A triste notícia surpreendeu-me na sacristia da Igreja Matriz de São Vicente da Beira, quando me preparava para assistir à missa em que ele, anterior sacristão, também costumava participar.
Corri imediatamente para a casa dele e viu-o já agonizante: uma imagem que nunca mais me deixou. Já não fui à missa e corri depressa ao Casalito, a avisar os meus pais.
Passei o resto do dia em estado de choque e aconteceu-me uma coisa que ainda hoje mexe comigo: não consegui ir ao funeral do meu avô João Hipólito, de quem tanto gostava! Assisti sozinho, de longe, dum lugar donde se avistava o cemitério e se viam as pessoas lá dentro…
Poucos dias depois, despedi-me da terra, dos parentes e conhecidos e segui para Fátima, para o retiro da tomada de hábito.
(Capítulo V, Ida para o Seminário de Guimarães)
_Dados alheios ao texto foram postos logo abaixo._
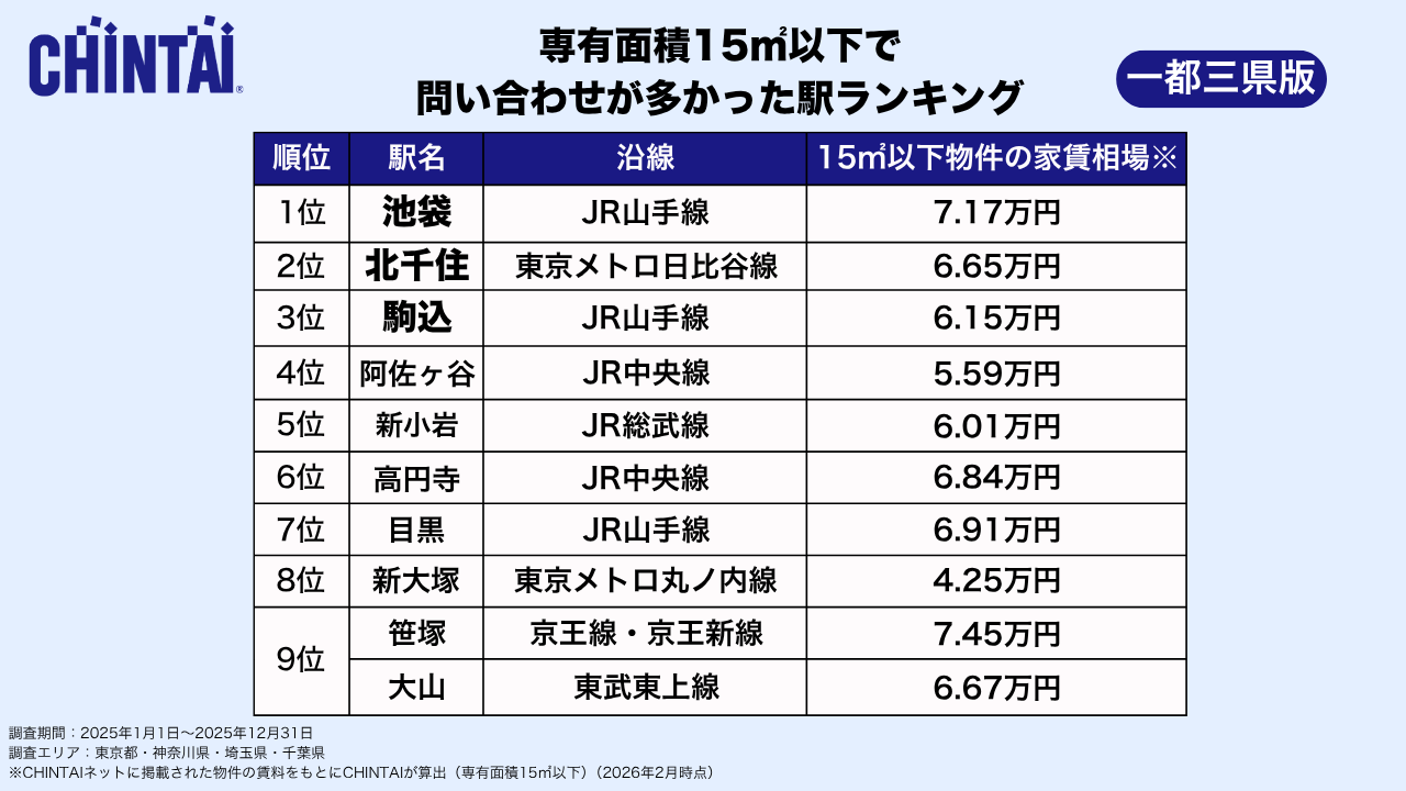 お部屋探しのリーディングカンパニー株式会社CHINTAI(本社:東京都港区 代表取締役社長 奥田倫也、以下CHINTAI)は、『CHINTAIネット』に掲載された東京都、神奈川県、埼玉県、千葉県の賃貸物件のうち、専有面積が15㎡以下および45㎡以上の物件において問い合わせが多かった駅を集計し、それぞれランキング化しました。
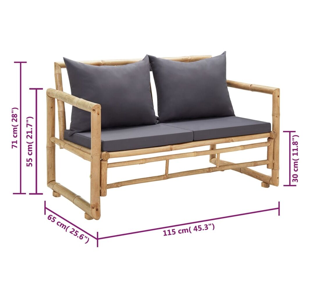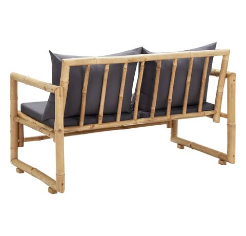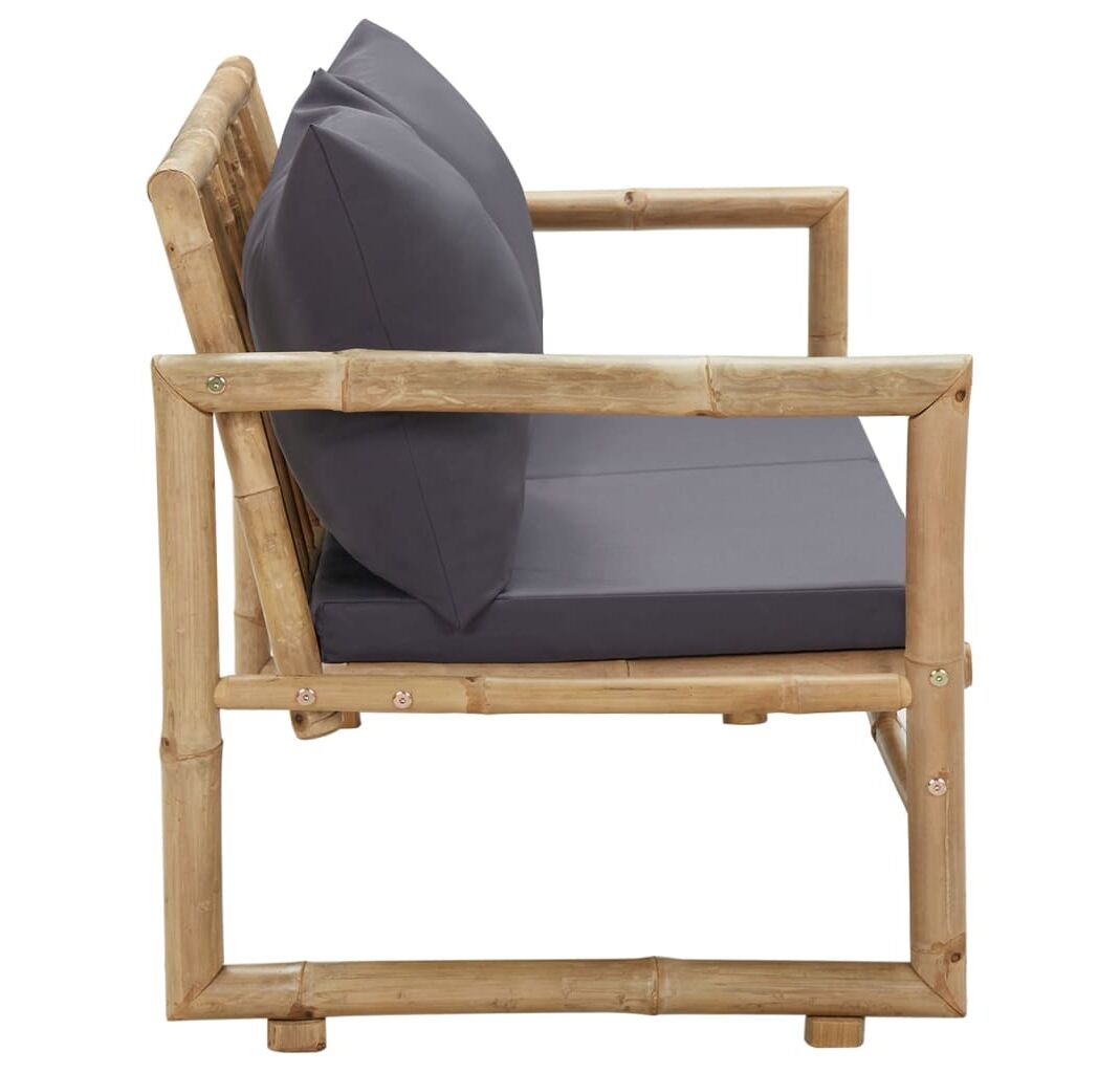Această bancă este fabricată din bambus, fiind robustă și ușor de curățat. Șezutul și spătarul cu șipci oferă un sprijin excelent. În plus, pernele căptușite aduc un plus de confort. Banca cu aspect natural va adăuga o caracteristică rustică grădinii dvs. sau oricărui alt spațiu de exterior.
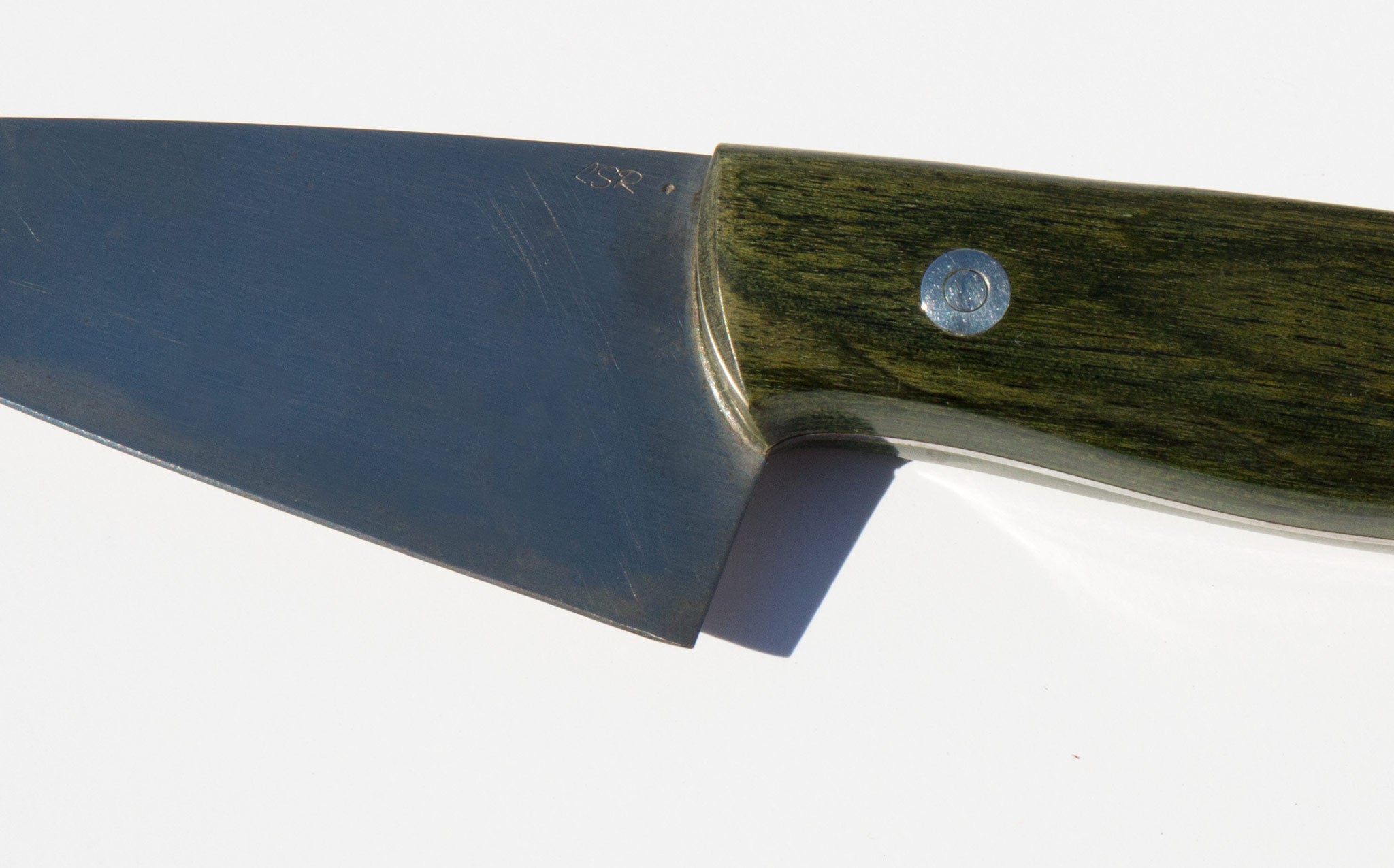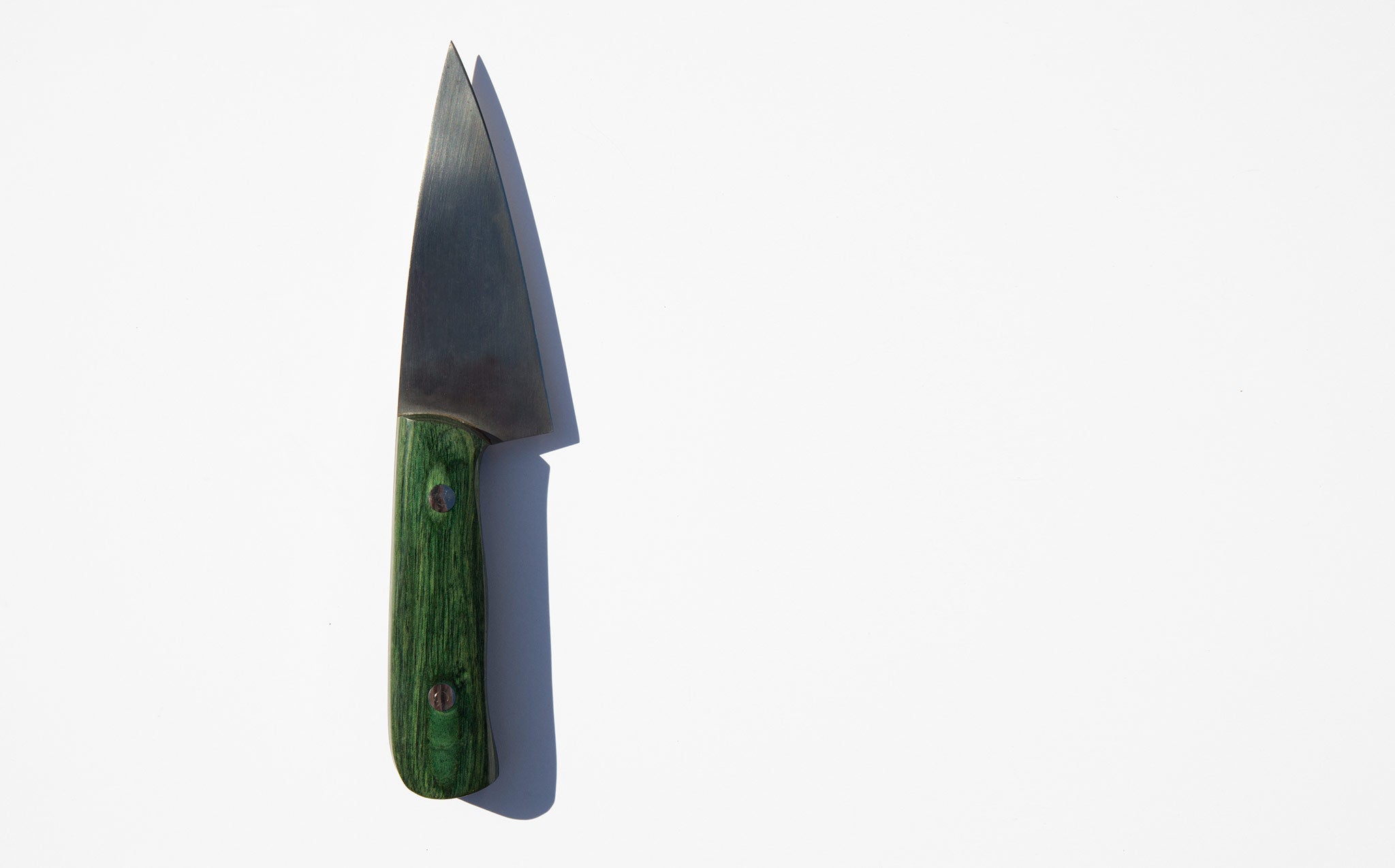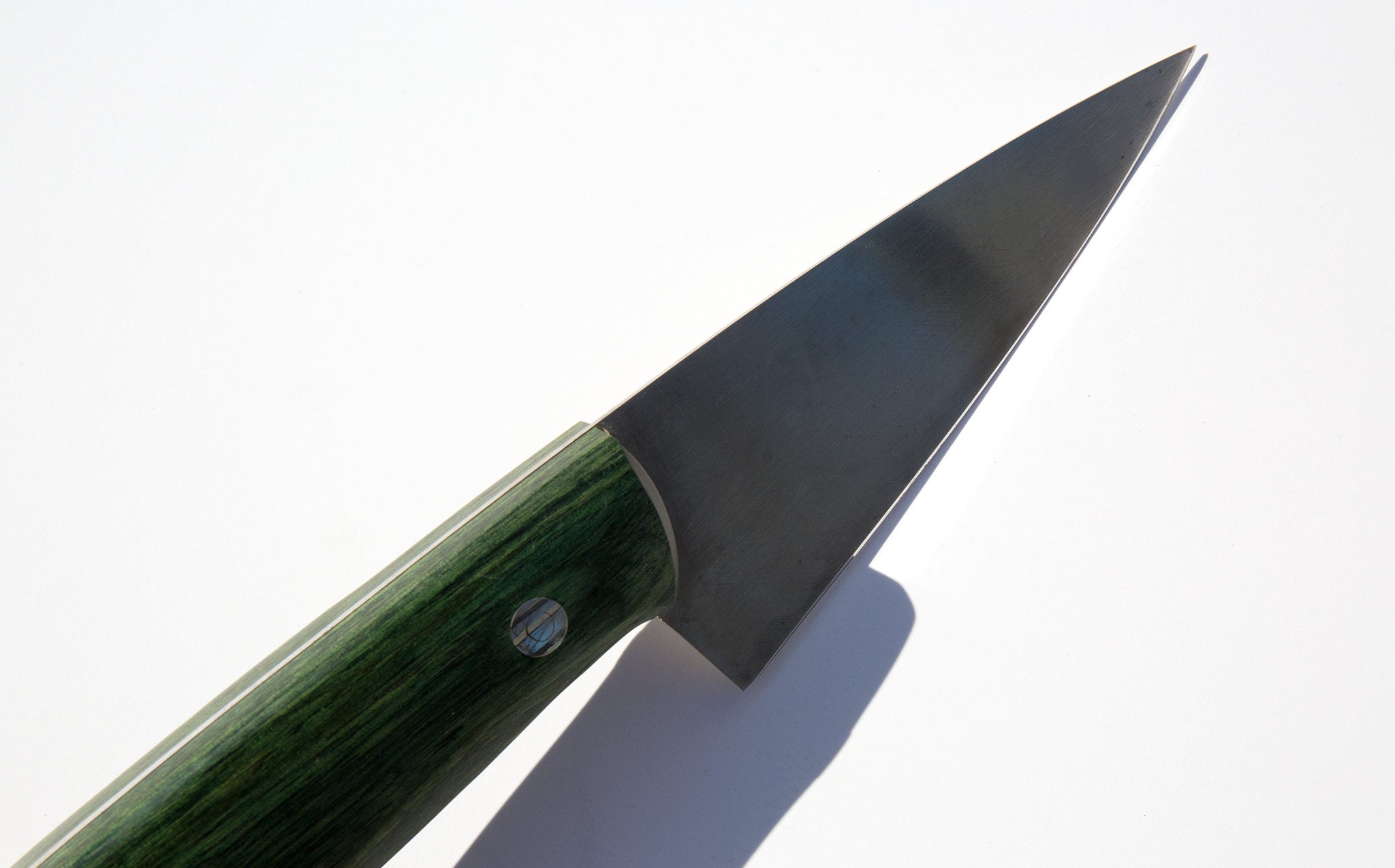 Small, useful, vintage kitchen knife with a smooth, dyed green handle.
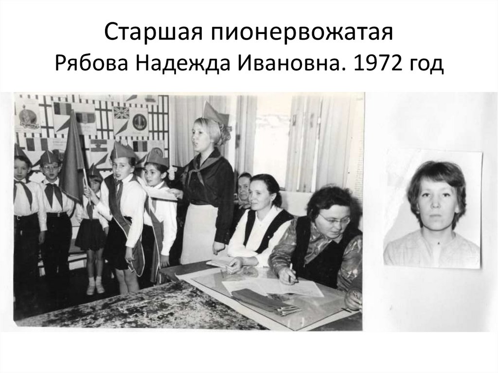 Старшая пионервожатаяРябова Надежда Ивановна. 1972 год
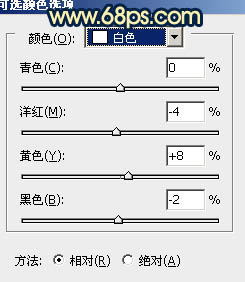 14、创建可选颜色调整图层,对白色进行调整,参数设置如图23,效果如图24。
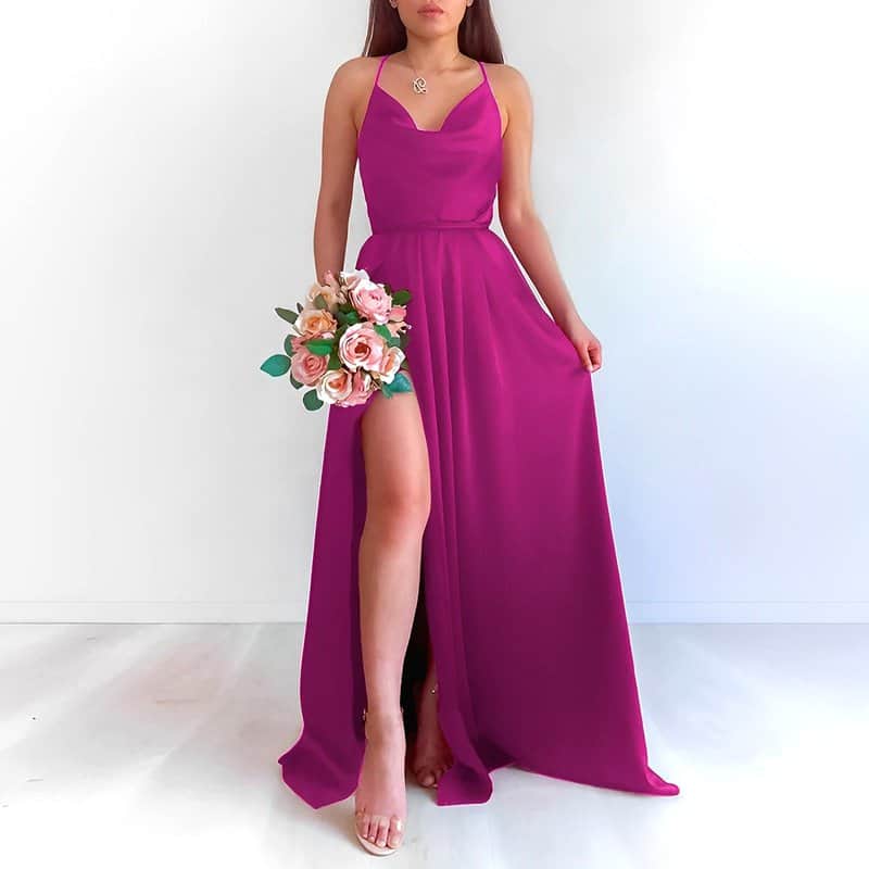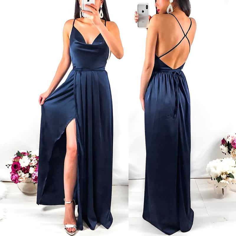 Sublimez chaque occasion avec cette robe satin dos nu, une pièce maîtresse qui associe raffinement et audace. Confectionnée dans un satin fluide, elle épouse parfaitement les courbes tout en offrant un confort inégalé. Son dos nu plongeant attire le regard, promettant une élégance intemporelle lors de vos événements spéciaux. La robe se distingue par sa coupe fluide, une fente latérale pour une démarche gracieuse et des bretelles fines ajustables pour un ajustement parfait.
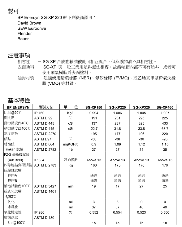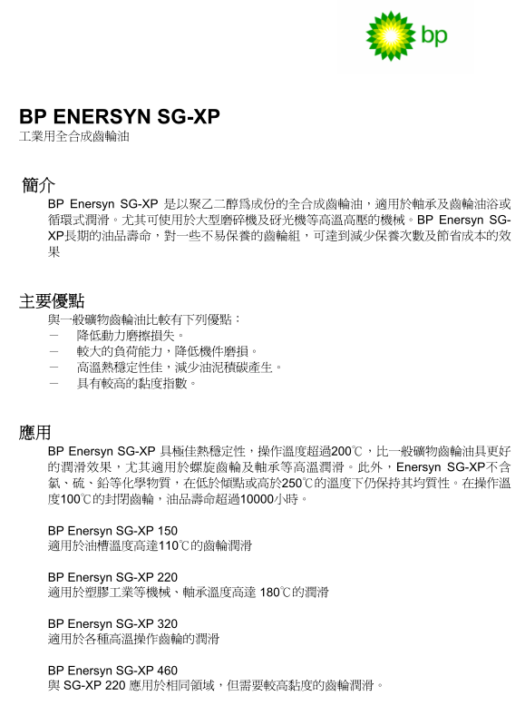 | BP安能欣Enersyn SG-XP 合成齿轮油 BP Enersyn SG-XP150、220、320、460、680 产品简介:BP安能欣Enersyn SG-XP优质合成齿轮油是以聚烯乙二醇为基础。用于循环以及齿轮和轴承的油浴润滑,尤其是在高温和高压下工作的轧机和压延机。对于那些难以维护的齿轮和蜗轮齿轮装置,其较长的换油周期时维护更方便。同时,它们用的配方可提供极好的防腐性和抗乳化性。

José Hipólito Jerónimo, O Zé do Casalito, Autobiografia, Missionários do Verbo Divino, Junho de 2014

José Teodoro Prata

2 comentários:

José Teodoro Prata disse...

Tanto temos escrito sobre a triste condição das crianças abandonadas na roda, mas a história dos avós maternos do Pe. José Hipólito Jerónimo é um caso feliz.
Os pais de João Hipólito de Jesus, Antonio Hipólito de Jesus e Maria Amália, criaram uma menina enjeitada, deram-me o seu apelido de família, Iria DE JESUS, e casaram-na com os seu próprio filho, João Hipólito de Jesus.
O casal viveu na casa imediatamente a seguir à do Pe. Tomás, na Rua da Cruz, onde João Hipólito tinha a sua oficina de sapateiro e o Pe. Jerónimo, ainda menino, os visitava.

Anônimo disse...

Relatos simples, mas bem significativos da importância do papel dos avós na família, sobretudo quando falamos de afetos e mimos.
As memórias mais doces que guardo da minha infância estão quase sempre ligadas aos meus avós, e tenho muita pena que os meus filhos não tenham tido a sorte que eu tive!
Bem sei que os tempos são outros e há situações em que é inevitável, mas às vezes quase parece que se tornou moda meter os avós num “Lar” como se isso significasse alguma evolução social e se traduzisse na melhoria das condições de vida das pessoas mais velhas. Se calhar nem sempre é assim, e estamos é a esquecer os valores fundamentais que fizeram da família um dos pilares fundamentais da sociedade.
Em Espanha chamam “Residência de Maiores” às instituições que acolhem as pessoas mais velhas. Acho o nome de uma grande dignidade e oxalá, na prática, ele se traduza naquilo que significa.